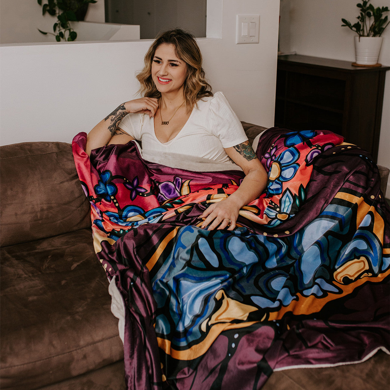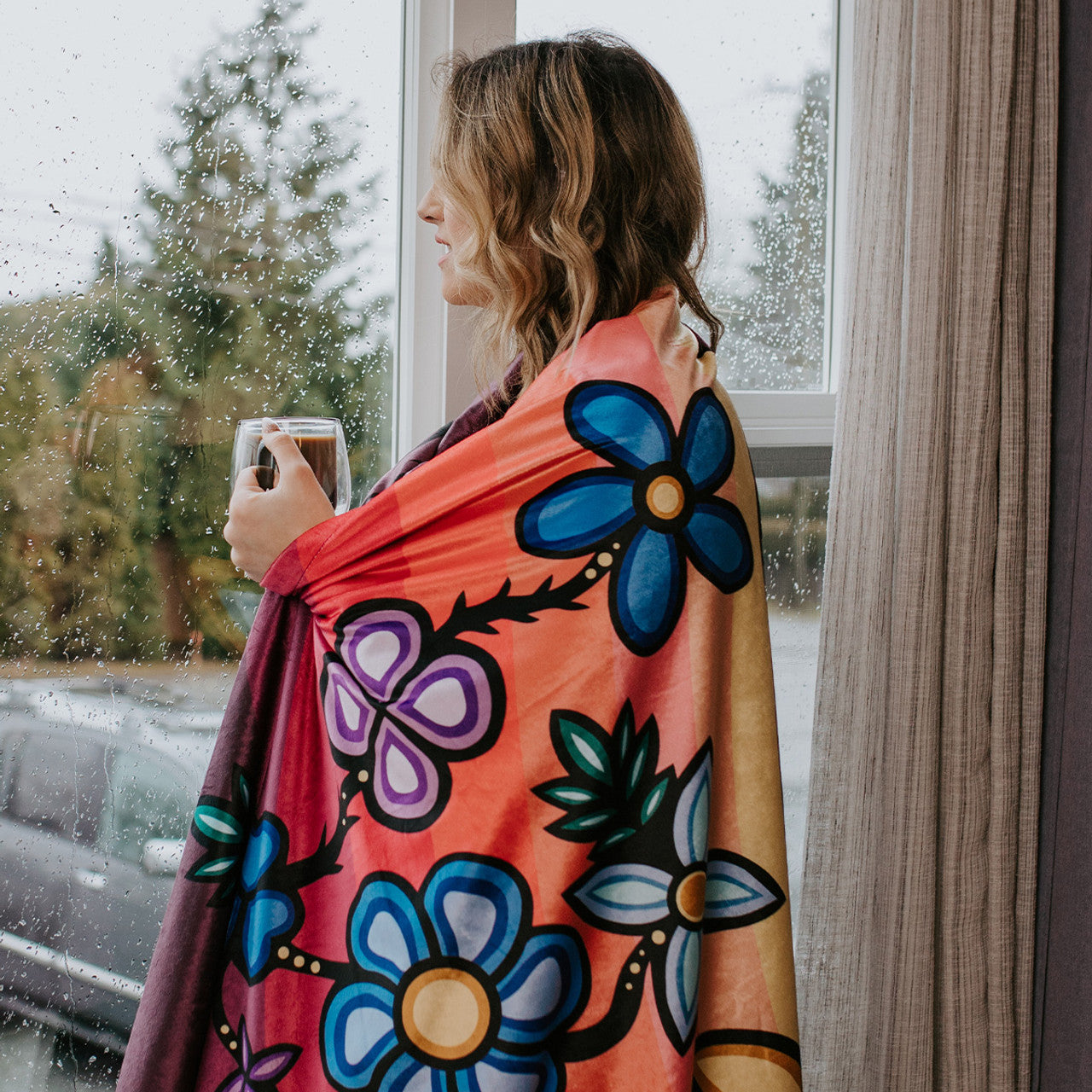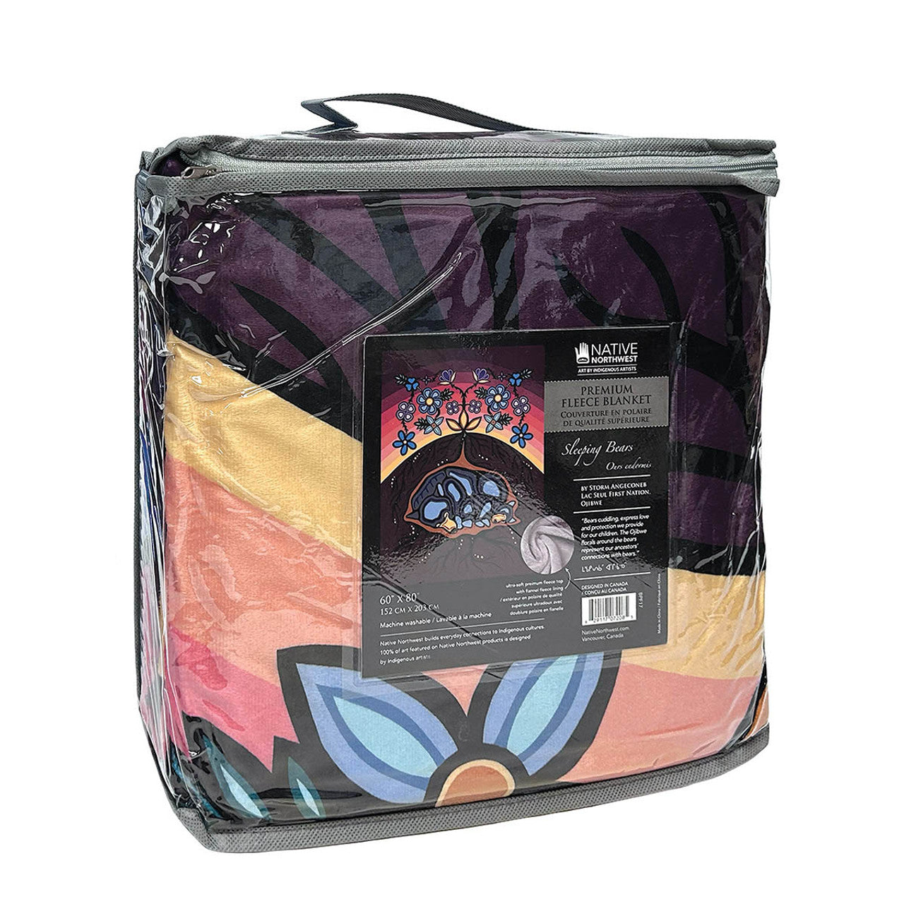The Premium Fleece Blanket - Sleeping Bears by Storm Angeconeb is a luxurious 60" x 80" velour-style blanket crafted from 100% polyester. Featuring exquisite Indigenous artwork, this double-layered blanket combines a flannel-fleece inner lining with a shimmering Premium Fleece top, delivering exceptional softness and warmth. Designed for ultimate comfort, it’s ideal for home use, ceremonial occasions, or thoughtful gifting, blending cultural artistry with plush, velvety texture.
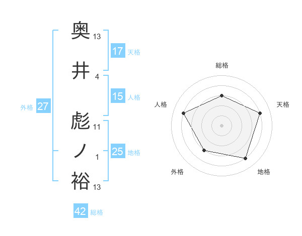 奥井 彪ノ裕さんを姓名の画数から五運を鑑定
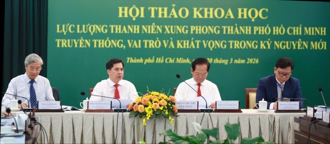 Các đồng chí chủ trì hội thảo sáng 20/3. (Ảnh: SGGP)Sáng 20/3, Ban Tuyên giáo và Dân vận Thành ủy TPHCM phối hợp Lực lượng Thanh niên xung phong (TNXP) TPHCM tổ chức hội thảo khoa học “Lực lượng TNXP TPHCM - Truyền thống, vai trò và khát vọng trong kỷ nguyên mới”.
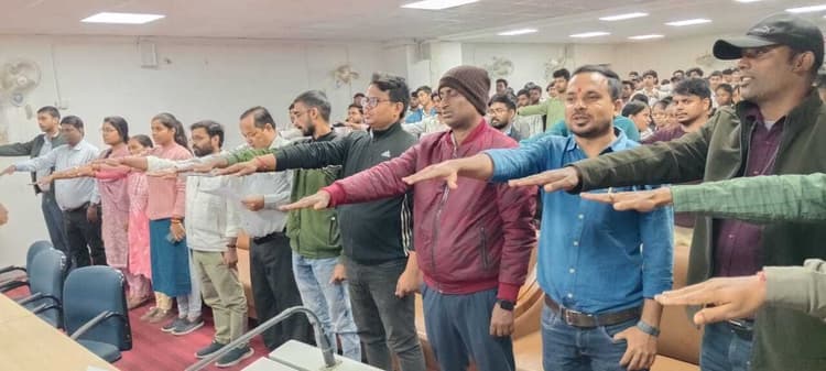 जमुई. राजकीय पॉलिटेक्निक कालेज जमुई के सभागार में मंगलवार को समाज कल्याण विभाग, बिहार सरकार के निर्देश पर नशामुक्त भारत अभियान के तहत सामूहिक शपथ कार्यक्रम का आयोजन किया गया. कार्यक्रम की अध्यक्षता संस्थान के प्राचार्य डॉ नीरज कुमार सिंह ने की. इस अवसर पर प्राचार्य, सभी व्याख्याता एवं बड़ी संख्या में छात्र-छात्राएं मौजूद रहे. शपथ ग्रहण कार्यक्रम के दौरान सभी ने समाज से नशा उन्मूलन तथा स्वस्थ और नशामुक्त भारत बनाने का संकल्प लिया. प्राचार्य डॉ सिंह ने कहा कि नशा समाज और युवा पीढ़ी के लिए गंभीर खतरा है. इस पहल का मुख्य उद्देश्य युवाओं को नशे से दूर रखना और उन्हें जागरूक बनाना है, ताकि एक स्वस्थ, सशक्त और नशामुक्त भारत का निर्माण हो सके.
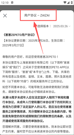 3、浏览2025.03.26版用户协议,确认条款后继续下一步操作流程。
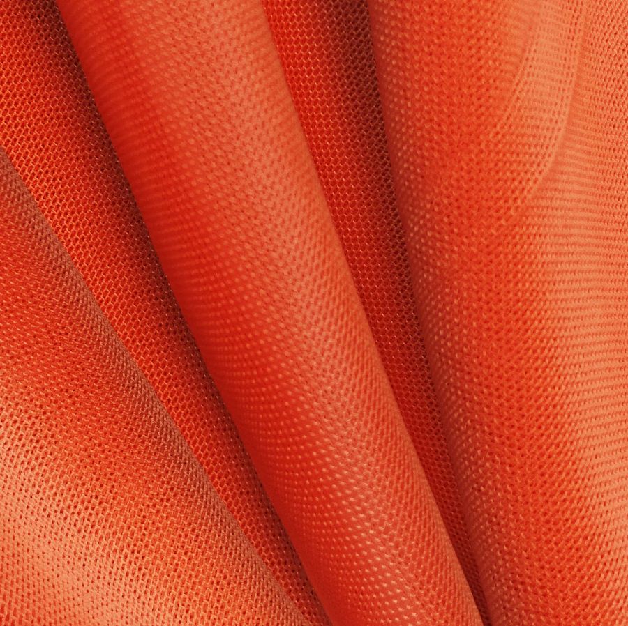 La tela base de este tejido es el Tul Elástico - Oslo, compuesta por un 94% de poliéster y un 6% de elastano, con un gramaje de 80 gr/m2 y un ancho de 147 cm. El color liso impreso en este tejido es un rojo bermellón, con una composición de tinta cian 0, magenta 91, yellow 100 y black 0. El CMYK de este color es 0 91 100 0.
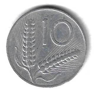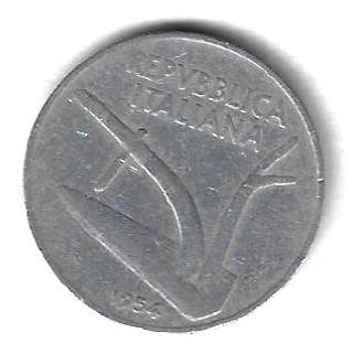 10 лир 1954 Италия Страна: Италия Номер по Краузе: KM# 93 Год: 1954 Буквы: Материал: Алюминий Диаметр: 23.25 мм. Вес: 1.6 г. Взаиморасположение аверса и реверса: монетное Тип гурта: гладкий Качество: XF
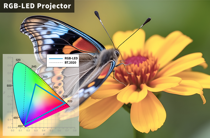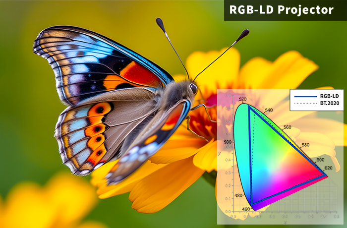 与采用 LED 或传统灯泡光源的投影机相比,使用激光二极管(LD)的投影机具备更宽广的色域,色彩表现更加生动。激光二极管以极窄的带宽(光谱宽度)发光,使每个 RGB 色彩纯度极高,避免色彩混浊,呈现传统光源难以再现的丰富色彩和逼真的三维效果。此外,即使在环境光下也能保持宽广的色域,因此无论是家庭影院、电影院、明亮的会议室,还是大型活动场所,都能带来身临其境、逼真且高质量的视觉体验。
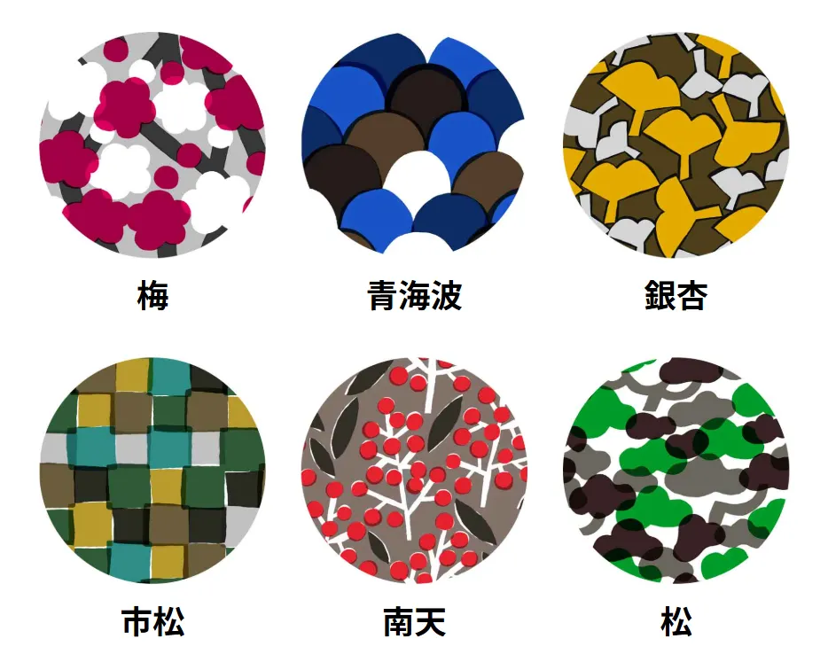 Fuwa Marketのデザインのベースになっているのは、松・梅・青海波などの縁起のよい伝統文様です。日本では古くから、長寿や繁栄、幸せが続くといった意味が込められてきました。
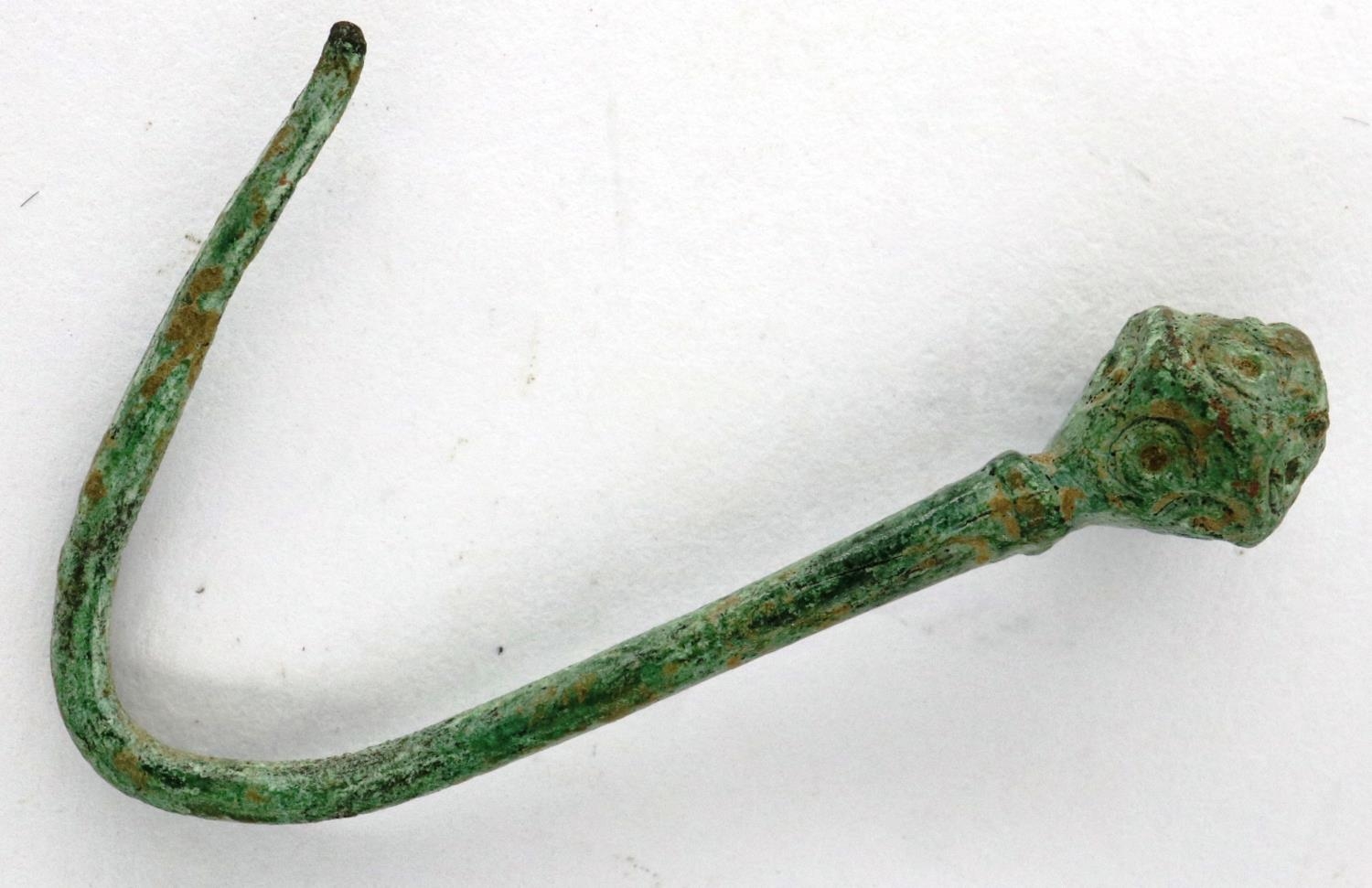 8th century Anglo Saxon orante dress pin, L: 32 mm. P&P Group 0 (£5+VAT for the first lot and £1+VAT for subsequent lots)
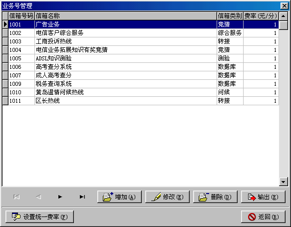 。。方便電信企業(yè)開展諸如類160/168業(yè)務(wù)、呼叫中心外包、有償信息服務(wù)、課題調(diào)查/客戶委托調(diào)查、電信公告/客戶委托公告、語音/傳真信箱、電話秘書臺、商家廣告等增值業(yè)務(wù)服務(wù)。
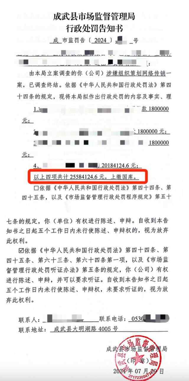 记者了解到,该事件与成武县市场监督管理局调查的一起涉嫌网络传销案有关。据2024年7月29日,成武县市场监督管理局作出的《行政处罚告知书》显示,除没收违法所得外,市场监督管理局还对3家涉事企业进行了共计540万元的处罚。
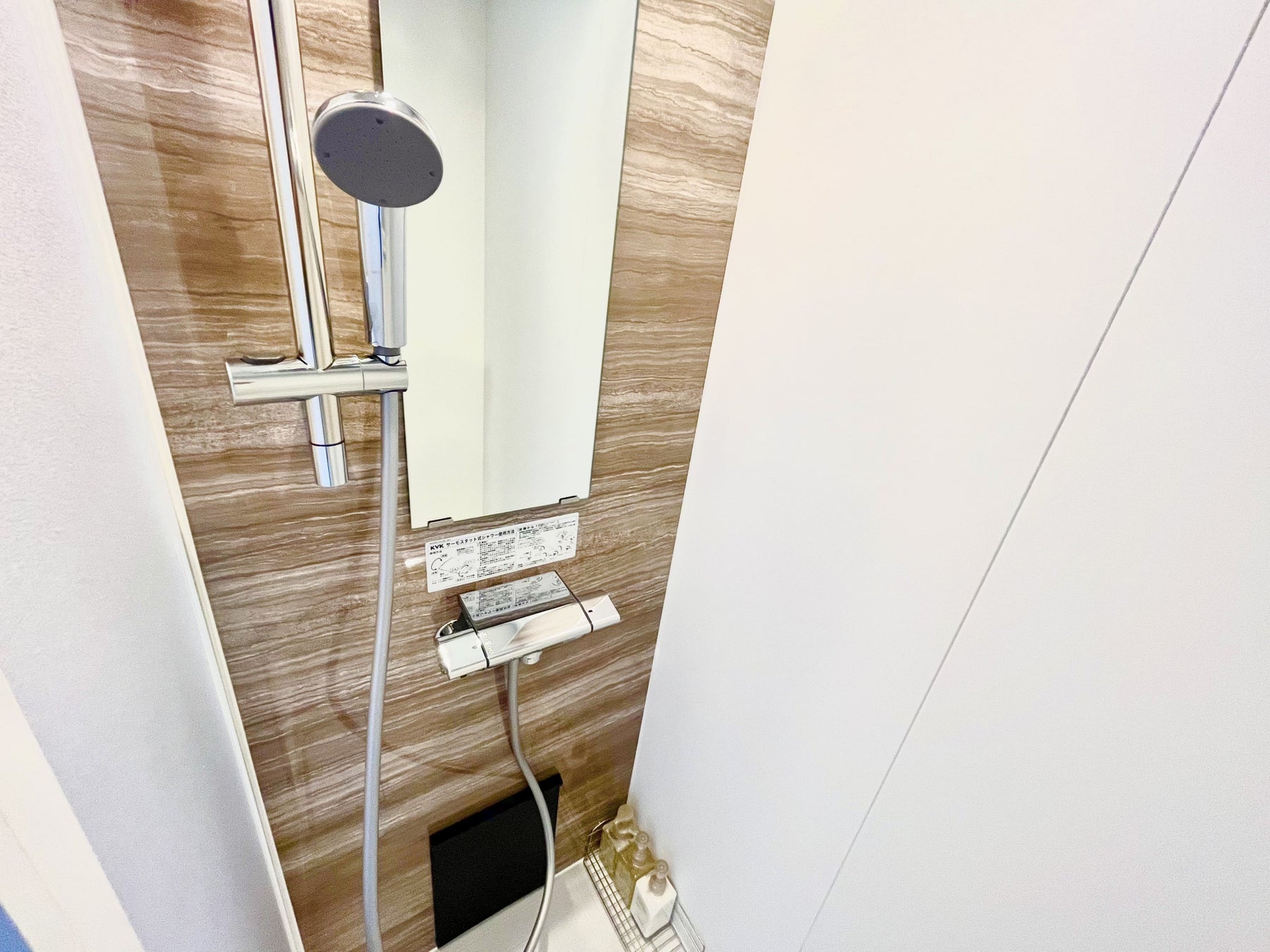 ・内装:清潔感あるシンプルデザイン、エステマット、施術ベッド、ワゴン、タオルウォーマー、シャワー室など
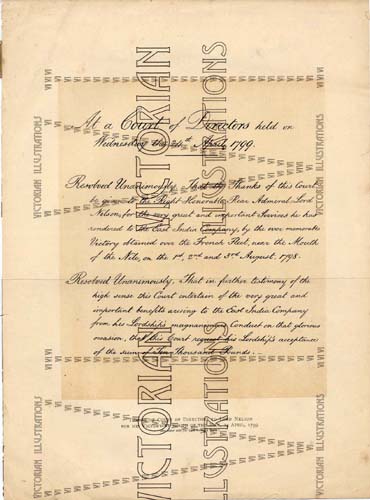 Thanks of Court of Directors To Lord Nelson for his Victory at Mouth of the Nile 24th April 1799
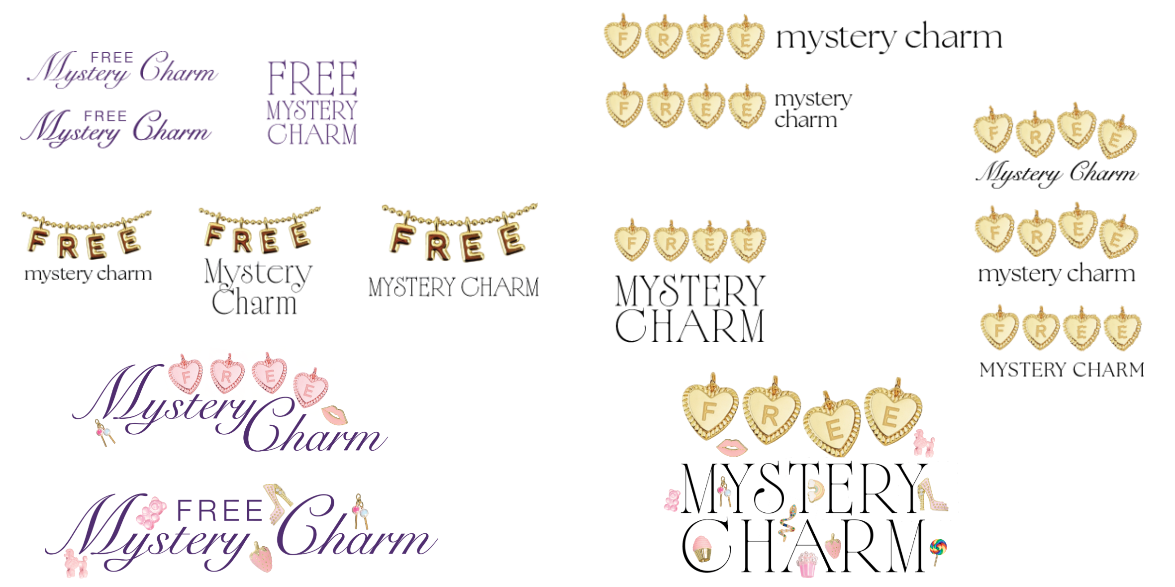 I developed logo concepts for a “Free Mystery Charm” promotion intended for retail gondola displays. This work focused on high-visibility design, legibility from a distance, and playful storytelling.
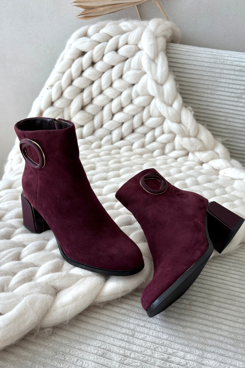 Semišové čižmy na opätku s podšívkou s ozdobným detailom Artiker 57C0016 Bordová
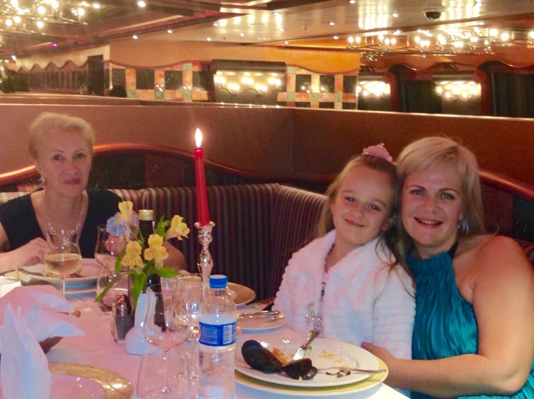 Конечно к ужину оделись красиво, навели марафет и сделали причёски. Я в синем, Анна в зеленом, Нюшенька в белом.

•••

● Requirement: Return the records verbatim, minus pictures.

● Solution to the exercise:
The Premium Fleece Blanket - Sleeping Bears by Storm Angeconeb is a luxurious 60" x 80" velour-style blanket crafted from 100% polyester. Featuring exquisite Indigenous artwork, this double-layered blanket combines a flannel-fleece inner lining with a shimmering Premium Fleece top, delivering exceptional softness and warmth. Designed for ultimate comfort, it’s ideal for home use, ceremonial occasions, or thoughtful gifting, blending cultural artistry with plush, velvety texture.
 奥井 彪ノ裕さんを姓名の画数から五運を鑑定
 Các đồng chí chủ trì hội thảo sáng 20/3. (Ảnh: SGGP)Sáng 20/3, Ban Tuyên giáo và Dân vận Thành ủy TPHCM phối hợp Lực lượng Thanh niên xung phong (TNXP) TPHCM tổ chức hội thảo khoa học “Lực lượng TNXP TPHCM - Truyền thống, vai trò và khát vọng trong kỷ nguyên mới”.
 जमुई. राजकीय पॉलिटेक्निक कालेज जमुई के सभागार में मंगलवार को समाज कल्याण विभाग, बिहार सरकार के निर्देश पर नशामुक्त भारत अभियान के तहत सामूहिक शपथ कार्यक्रम का आयोजन किया गया. कार्यक्रम की अध्यक्षता संस्थान के प्राचार्य डॉ नीरज कुमार सिंह ने की. इस अवसर पर प्राचार्य, सभी व्याख्याता एवं बड़ी संख्या में छात्र-छात्राएं मौजूद रहे. शपथ ग्रहण कार्यक्रम के दौरान सभी ने समाज से नशा उन्मूलन तथा स्वस्थ और नशामुक्त भारत बनाने का संकल्प लिया. प्राचार्य डॉ सिंह ने कहा कि नशा समाज और युवा पीढ़ी के लिए गंभीर खतरा है. इस पहल का मुख्य उद्देश्य युवाओं को नशे से दूर रखना और उन्हें जागरूक बनाना है, ताकि एक स्वस्थ, सशक्त और नशामुक्त भारत का निर्माण हो सके.
 3、浏览2025.03.26版用户协议,确认条款后继续下一步操作流程。
 La tela base de este tejido es el Tul Elástico - Oslo, compuesta por un 94% de poliéster y un 6% de elastano, con un gramaje de 80 gr/m2 y un ancho de 147 cm. El color liso impreso en este tejido es un rojo bermellón, con una composición de tinta cian 0, magenta 91, yellow 100 y black 0. El CMYK de este color es 0 91 100 0.
 10 лир 1954 Италия Страна: Италия Номер по Краузе: KM# 93 Год: 1954 Буквы: Материал: Алюминий Диаметр: 23.25 мм. Вес: 1.6 г. Взаиморасположение аверса и реверса: монетное Тип гурта: гладкий Качество: XF
 与采用 LED 或传统灯泡光源的投影机相比,使用激光二极管(LD)的投影机具备更宽广的色域,色彩表现更加生动。激光二极管以极窄的带宽(光谱宽度)发光,使每个 RGB 色彩纯度极高,避免色彩混浊,呈现传统光源难以再现的丰富色彩和逼真的三维效果。此外,即使在环境光下也能保持宽广的色域,因此无论是家庭影院、电影院、明亮的会议室,还是大型活动场所,都能带来身临其境、逼真且高质量的视觉体验。
 Fuwa Marketのデザインのベースになっているのは、松・梅・青海波などの縁起のよい伝統文様です。日本では古くから、長寿や繁栄、幸せが続くといった意味が込められてきました。
 8th century Anglo Saxon orante dress pin, L: 32 mm. P&P Group 0 (£5+VAT for the first lot and £1+VAT for subsequent lots)
 。。方便電信企業(yè)開展諸如類160/168業(yè)務(wù)、呼叫中心外包、有償信息服務(wù)、課題調(diào)查/客戶委托調(diào)查、電信公告/客戶委托公告、語音/傳真信箱、電話秘書臺、商家廣告等增值業(yè)務(wù)服務(wù)。
 记者了解到,该事件与成武县市场监督管理局调查的一起涉嫌网络传销案有关。据2024年7月29日,成武县市场监督管理局作出的《行政处罚告知书》显示,除没收违法所得外,市场监督管理局还对3家涉事企业进行了共计540万元的处罚。
 ・内装:清潔感あるシンプルデザイン、エステマット、施術ベッド、ワゴン、タオルウォーマー、シャワー室など
 Thanks of Court of Directors To Lord Nelson for his Victory at Mouth of the Nile 24th April 1799
 I developed logo concepts for a “Free Mystery Charm” promotion intended for retail gondola displays. This work focused on high-visibility design, legibility from a distance, and playful storytelling.
 Semišové čižmy na opätku s podšívkou s ozdobným detailom Artiker 57C0016 Bordová
 Конечно к ужину оделись красиво, навели марафет и сделали причёски. Я в синем, Анна в зеленом, Нюшенька в белом.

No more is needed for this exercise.